Il nostro gruppo si chiamava Karaula, come le caraule partigiane: piccole unità clandestine, ancorate ai colli fra Friuli e Slovenia. Avevano il compito di garantire i rifornimenti, assicurare i contatti fra le formazioni, raccogliere gli sbandati... La nostra si occupava di difendere i migranti. L'intervento spaziava dai campi rom della capitale agli scenari della memoria storica: con alcuni giovani di Ljubljana, girammo un documentario sui campi di concentramento fascisti in Friuli - compresi quelli di ultima generazione. Intervistavamo la gente all'uscita dalla messa di Pasqua, a Gradisca d'Isonzo, mentre il Cpt (oggi Cie) era in costruzione: «Scusi, ci sono dei campi di concentramento nei paraggi?» «Per adesso no...». Analizzando le tipologie di persone che finiscono nei lager attuali, che a volte (è il caso di Gradisca) vengono realizzati in perfetta continuità con quelli di ieri, c'imbattemmo nei «cancellati».

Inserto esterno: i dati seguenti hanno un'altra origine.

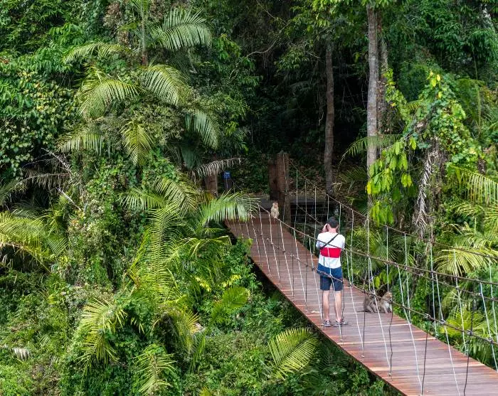Sie werden in den Nationalpark selbst gefahren, wo Sie und Ihr Guide einen erfahrenen Ranger treffen, der den Park wie seine Westentasche kennt. Es erwartet Sie eine Wanderung auf einem der schönsten Pfade des Parks. Die Wanderung ist zwischen 1,2 und 2 km lang und dauert zwischen 45 und 60 Minuten, je nach dem genauen Weg, den der Ranger wählt. Der Weg ist einer der kürzesten und einfachsten im Nationalpark und für Gäste jeden Alters geeignet. Der Weg schlängelt sich durch Regen- und Trockenwald bis zum kleinen Wasserfall Kong Kaew, der sich am Ende des Weges befindet. Unterwegs besteht eine gute Chance, von Baum zu Baum schwingende Gibbon-Affen zu sehen. Vogelliebhaber kommen auf ihre Kosten, denn der Park beherbergt 440 verschiedene Vogelarten, darunter die größte Population von Nashornvögeln in Thailand.
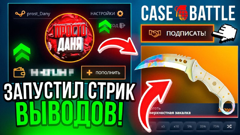 ✔️ ЗАПУСТИЛ СТРИК ВЫВОДОВ НА КЕЙС БАТЛ! 📱 https://youtu.be/tXn8Zq8TzI4 💵Моя рефка aim.market: https://aim.market/p/dany Промо DANY - +3% к сумме сделки
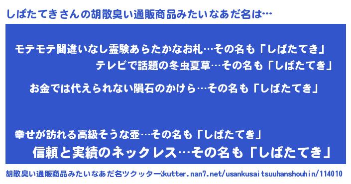 | 男性向けラノベタイトル風あだ名 | 『転生したらしばたてきだった件』 |
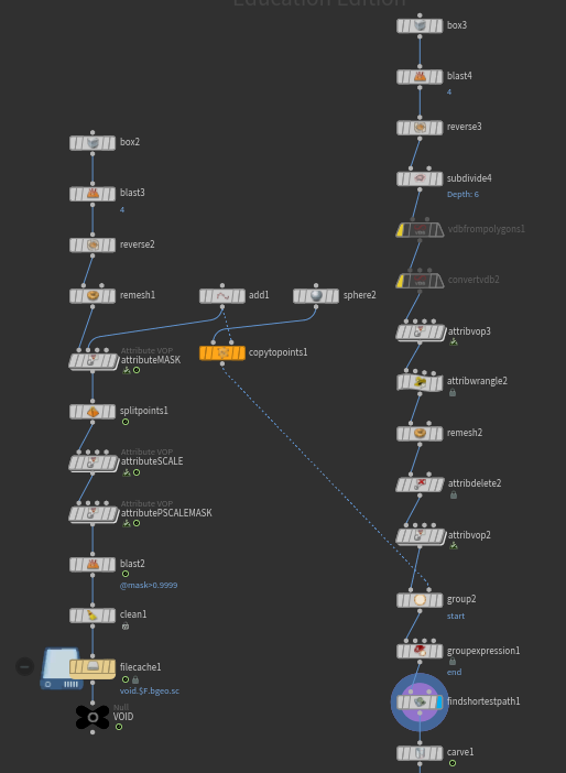 I basically take a POP sim and add a trail, carving based on the connectivity of the trails. For the future, should we want lightning/noisy trails, we can use this setup and add and per trail adjustments within the for each.

In Slovenia, con un'operazione segreta, decine di migliaia di cittadini erano stati trasformati in morti viventi, uomini senza diritti. Per mesi, a volte anni, molti di loro hanno continuato a esercitare, come per inerzia, le attività abituali. Un bel giorno venivano fermati dalla polizia, o entravano in un ufficio per rinnovare un documento. «Ci porti anche il passaporto...». Lo bucavano sotto i loro occhi, con un'apposita foratrice di metallo.

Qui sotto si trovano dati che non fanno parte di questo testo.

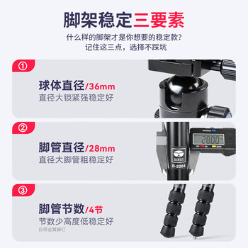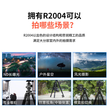 官方标配:包装盒×1、脚架包× 1、R2004三脚架× 1(含承载板,中轴挂钩,螺丝)、G20KX球型云台× 1、快装板(含螺丝)× 1、包背带× 1、附件袋(说明书质保卡/合格证/六角扳手4只)× 1
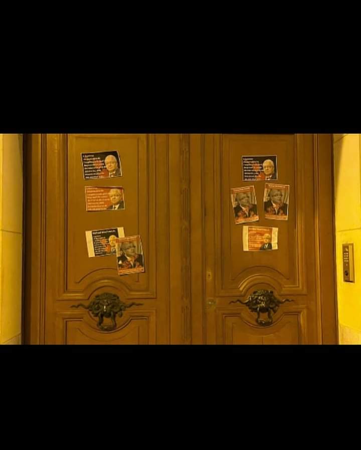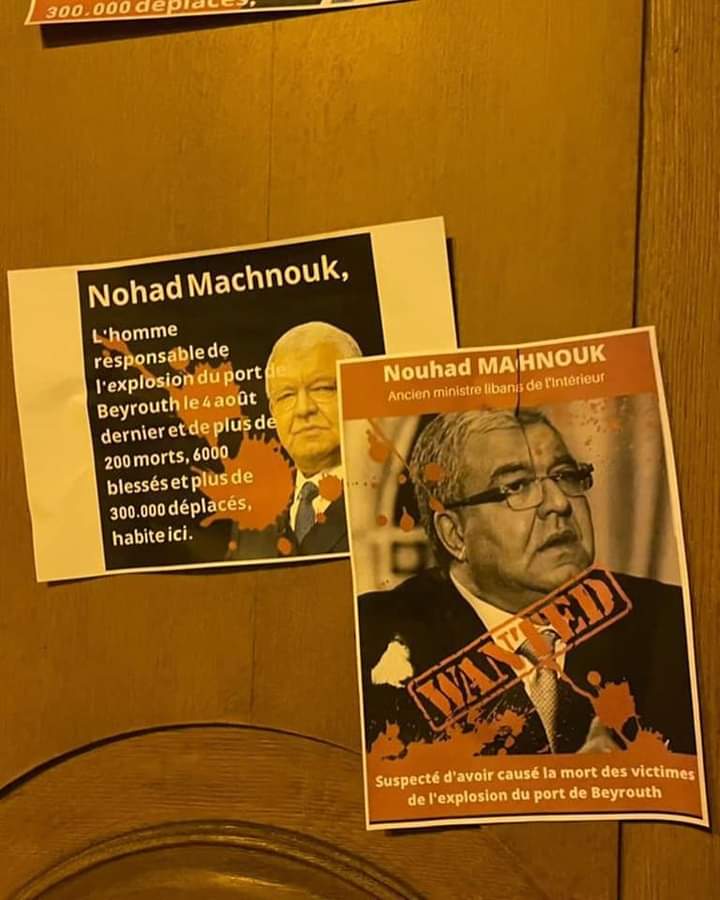 نشر الناشط أنطوني باخص دويهي عبر حسابه الخاص على موقع “تويتر”، مجموعة من الصور التي ظهر إقدام مجموعة من الناشطين اللبنانيين في فرنسا على لصق صور للنائب نهاد المشنوق على أبواب منزله في العاصمة باريس، الذي يحمل العنوان “باريس، الجادة ١٦، Arrondissement 16”. وكتب على الصور “مطلوب.. مشتبه به بالتسبب بإنفجار مرفأ بيروت وسقوط مئات الضحايا والجرحى”.وقال دويهي في منشوره: “المدعى عليه وزير الداخلية السابق النائب السابق نهاد المشنوق في باريس من الشعب اللبناني ممثلا بالمحقق العدلي. كل السياسيين يسمعوا منيح من هلق ورايح كل واحد منكم بيملك منزل او شركة او مكتب او اي عقار يللي اشتراها من مال وتعب الشعب اللبناني لح يكونوا عرضة للهجوم ، مش بس بلبنان منوصل عليكم بل باي بلد بالعالم. ردوا مال الشعب اللبناني او لح تكون ممتلكاتكم من ضمن الاهداف”.
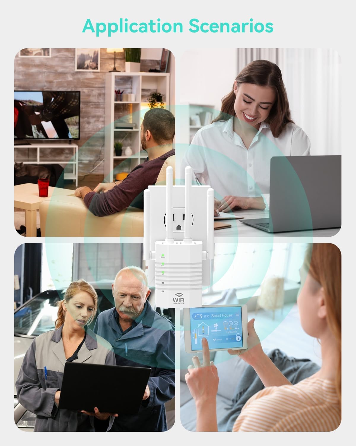 High-Speed and Stable Connection: This wifi extender signal booster for home delivers up to 300Mbps for 2.4GHz and 867-1200Mbps for 5Ghz. The internet extender wifi booster utilizes dual-band technology for wider coverage and provides you with a stable signal. Enjoy surfing the web, watching videos, gaming online, transferring large digital files and streaming videos.

Le istituzioni europee fingevano di non vedere, compresi i nostri campioni, Romano Prodi e Riccardo Illy. Non c'era avvocato, in Slovenia, disposto a difendere i «cancellati». Così, anche dopo il primo articolo di denuncia di Tommaso Di Francesco sul manifesto del maggio 2004 che di fatto aprì la campagna, decidemmo di cercarlo in Italia. La caraula tenne fede al suo nome, assicurando un'efficace connessione fra movimento sloveno e italiano. I «cancellati» manifestavano a Gradisca, i compagni di Monfalcone in Slovenia. Ognuno fece la sua parte, dai centri sociali del Nord-Est alla Fiom, fino alla pattuglia di parlamentari del Prc a Bruxelles. L'idea del ricorso alla Corte Europea dei Diritti Umani la dobbiamo ai rom del Casilino: aveva funzionato cinque anni prima, quando l'avvocato Luigi Lusi s'era fatto carico, su mandato di Rutelli, di ripulire la capitale dagli zingari nell'anno del Grande Giubileo.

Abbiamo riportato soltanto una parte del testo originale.